The newest I have is 712039. I kind of get the feeling that I have seen one in the 800,000s but maybe I'm mistaken???

Who knows...

Michael
 
Mine's 640XXX so not as late as yours. The film guide rails on them are very shallow, is yours prone to the film running "off" and leaving sprocket holes in the gate? Mine is, unfortunately.
 
Yes, it seems that the aluminium shutter case casting changes as time went by. I couldn't understand why mine was all over the place until I noticed it rattling and realised that the pressure plate springs were missing...a typical symptom of the kitchen table and bread knife repair these things suffered in an earlier age...(I'm avoiding joining in the Fed/Leica ding dong that is shaping up on another thread).
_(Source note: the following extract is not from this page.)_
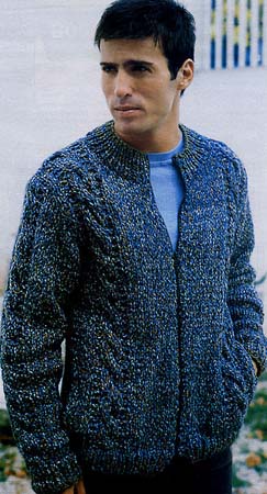 Вам потребуется: 750 г меланжевой пряжи сине-бежевого цвета и 100 г пряжи (50% шерсть, 50% акрил) средней толщины светло-коричневого цвета, разъемная застежка-молния длиной 60 см в тон.
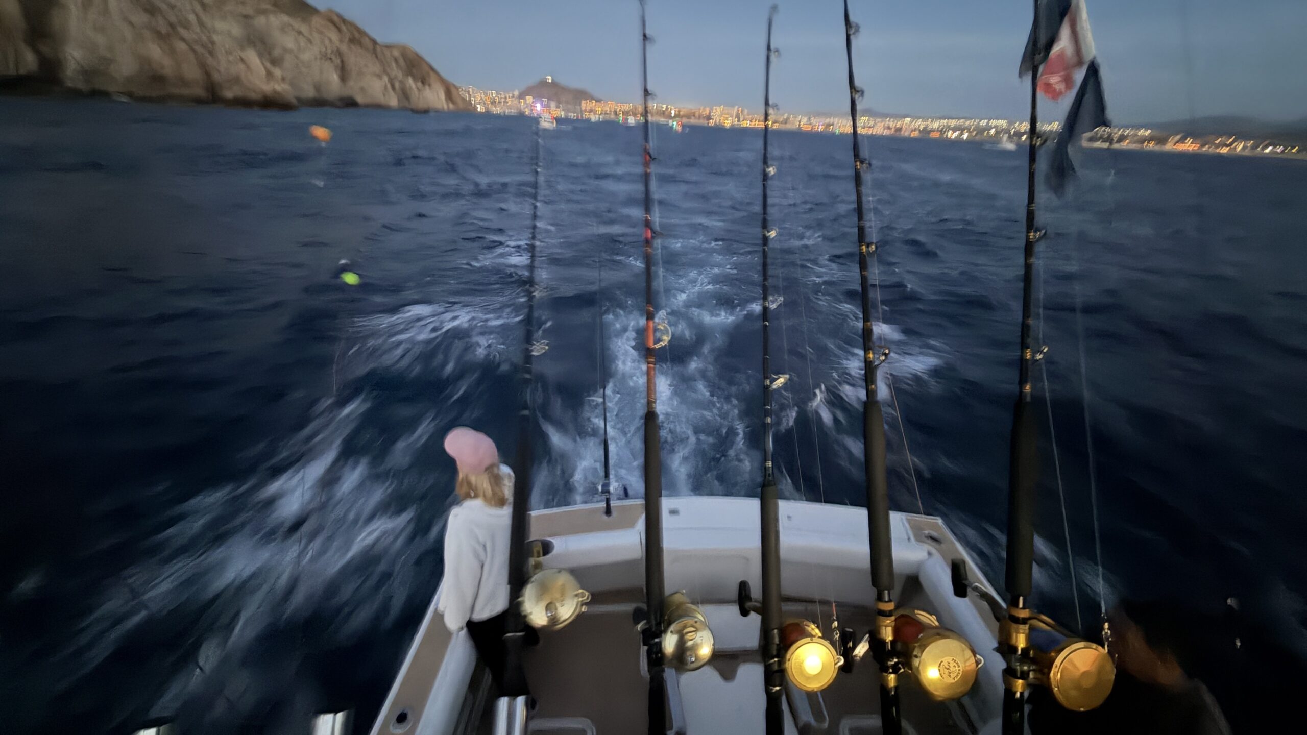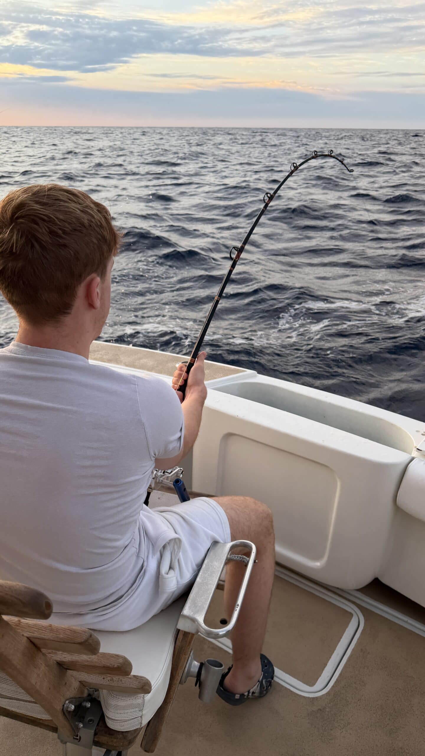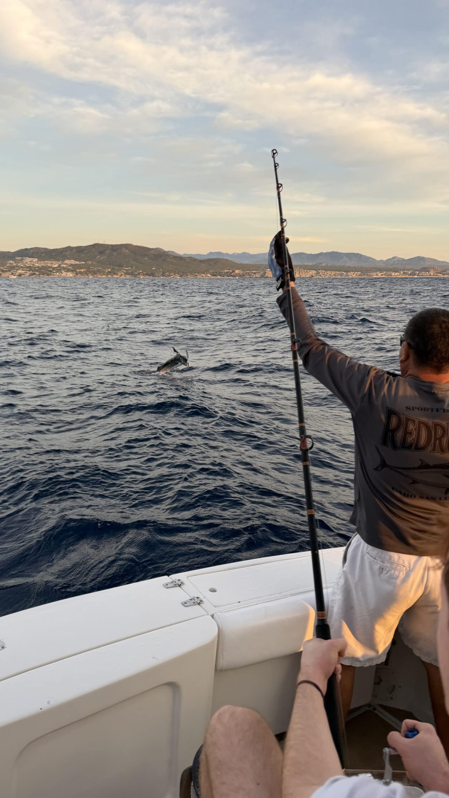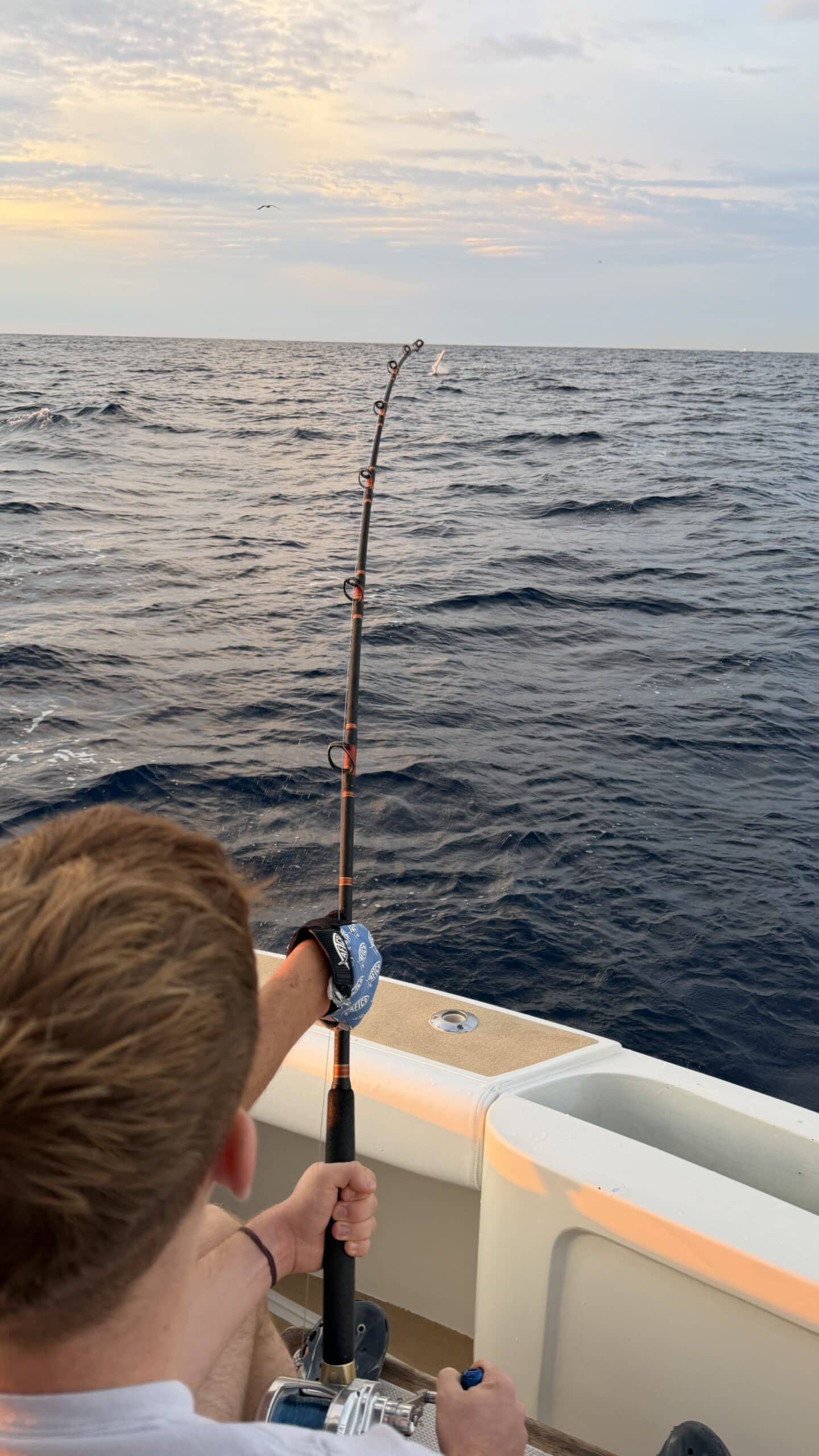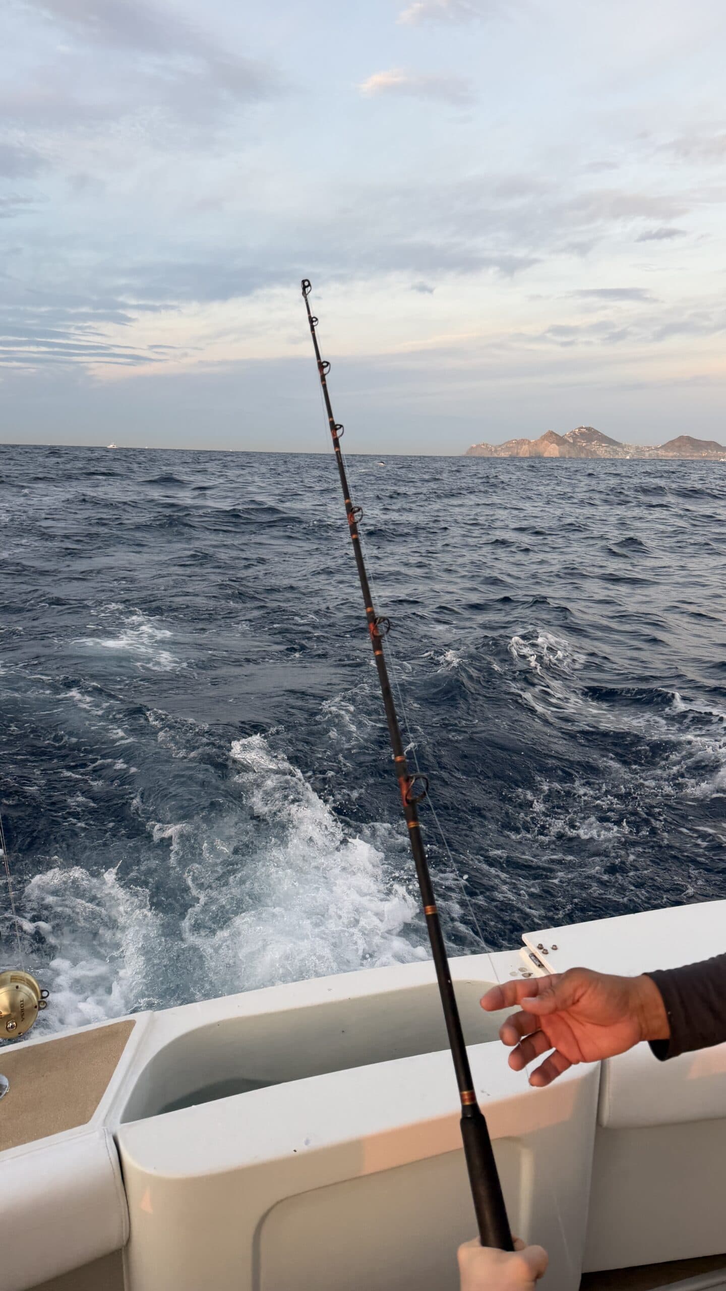 Vorbei an der Felsformation noch in der Dämmerung, wunderschön. Um 7:00 Uhrwar es soweit, Nico hatte einen Marlin an der Angel. Es war ein 2 m großer Marlin und Nico tat sich wirklich sehr sehr schwer die Anke einzuziehen. Der Fisch hatte eine sehr starke Kraft, aber am Ende hat er verloren.

The only sweeping generalisation I'd make about older FSU cameras is 'late is bad and early is good'!
 
I don't know if anyone has noticed that these FED-1 have different shutter crates than the earlier ones? I have several of these (sn starting from 59..... to about 69....) and their shutter crates are cast single pieces. The earlier FED-1 used stamped crates made of separate plates. The film tracks are indeed shallow- in some cases, almost none. All that I've seen have been filed at some point, and the filing is not limited to the film tracks, but extend up to the side walls of the crates. In one of my FED which belong to this series, the crate is so tight inside that film won't run easily.

I suspect that the crates are similar to the ones used for the later Zorki. FED may have been supplied with Zorki crates during the last runs of the FED-1. The Zorki bodies where the cast crates went were modified to accommodate the cast crates. The FED chassis appear to be the same as the earlier ones- there was no appreciable change during the FED's production run- the crates remain the same oblong bodies shaped from tubes. Thus the cast crates had to be filed or altered by hand to make them fit into the FED bodies.